4. Activate tmux: this will make things run in backround. If you lose your internet connection, the course material will still be up and running when the connection is back on your pc! Use the command


tmux

The command line will change a bit its aspect. Now it’s time to get a few resources to run all the material. We suggest one CPU and 32GB of RAM for the first three modules, and 2 CPUs and 64GB of RAM for the single-cell analysis. For the first configuration suggested, for example, you get resources using



srun --mem=32g --cores=1 --time=4:0:0  --account=MYPROJECT --pty /bin/bash
Note

Note you always need your project name, and you can also choose for how long you want the resources to be available to you. Asking for resources means waiting for some time in a queue before they are assigned.

In the example above time is 4 hours. After this time, whatever you are doing will be closed, so be sure to save your work in progress.

5. execute the container with

singularity exec course.sif /bin/bash

Note that the command line shows now Apptainer> on its left. We are inside the container and the tools we need are now available into it.

6. Now we need to run a configuration script, which will setup the last details and execute jupyterlab.
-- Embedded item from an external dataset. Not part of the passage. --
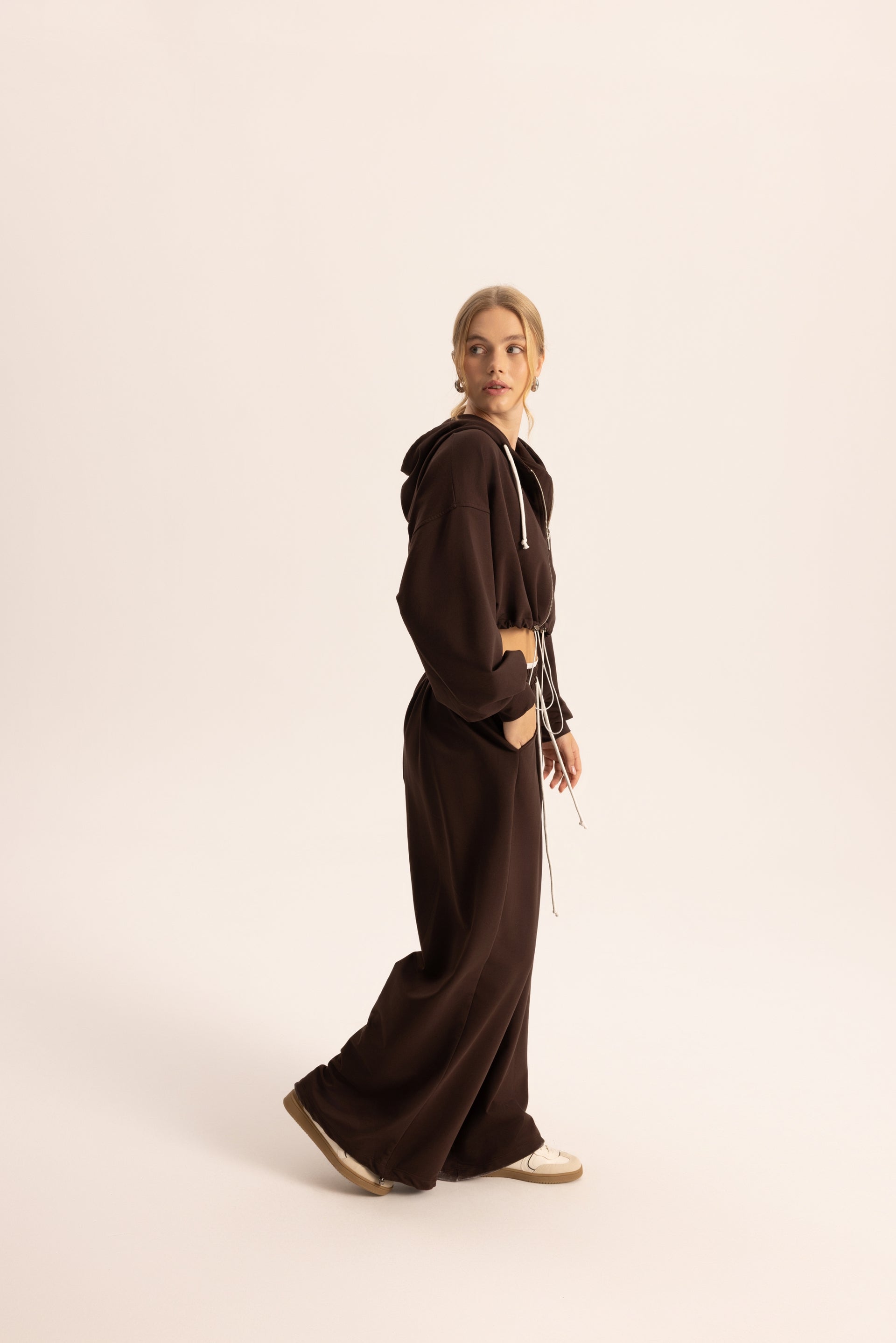 Crafted from sumptuous fabric with a subtle sheen, this set elevates everyday comfort to new heights. The cropped hoodie features a functional zip closure and adjustable drawstring hood, while the high-waisted wide-leg trousers with contrast drawstring create an elongated, elegant silhouette. Perfect for the modern woman who values both style and comfort.

If a folder called Data exists, it will not be downloaded again (also meaning that you can use our container with your own data folder for your own analysis in future)
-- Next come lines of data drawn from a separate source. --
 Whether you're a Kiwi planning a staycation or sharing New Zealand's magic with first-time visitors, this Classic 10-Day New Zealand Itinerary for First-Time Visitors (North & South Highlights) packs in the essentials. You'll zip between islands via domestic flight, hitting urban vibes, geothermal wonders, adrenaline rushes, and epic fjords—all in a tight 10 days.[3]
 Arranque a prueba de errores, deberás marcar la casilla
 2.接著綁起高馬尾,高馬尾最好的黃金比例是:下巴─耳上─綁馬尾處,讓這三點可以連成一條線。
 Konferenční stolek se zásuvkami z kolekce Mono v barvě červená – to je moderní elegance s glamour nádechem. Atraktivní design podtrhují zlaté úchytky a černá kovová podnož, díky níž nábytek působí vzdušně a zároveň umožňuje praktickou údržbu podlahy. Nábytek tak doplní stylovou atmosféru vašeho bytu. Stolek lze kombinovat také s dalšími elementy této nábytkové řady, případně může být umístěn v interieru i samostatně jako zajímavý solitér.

git config --global http.sslVerify false
wget -qO-  https://raw.githubusercontent.com/hds-sandbox/NGS_summer_course_Aarhus/docker/scripts/courseMaterial.sh | bash

7. You will see a lot of messages, which is normal. At the end of the messages, you are provided two links looking as in the image below. Write down the node name and the user id highlighted in the circles.

Wrote down node and ID? Last step is to create a tunnel between your computer and genomeDK to be able to see jupyterlab in your browser. Now you need to use the node name and the user id you wrote down before! Open a new terminal window on your laptop and write


ssh -L USERID:NODENAME:USERID USERNAME@login.genome.au.dk

where you substitute USERID and NODENAME as you wrote down before, and then USERNAME is your account name on GenomeDK. For example ssh -L 6835:s21n81:6835 samuele@login.genome.au.dk according to the figure above for a user with name samuele.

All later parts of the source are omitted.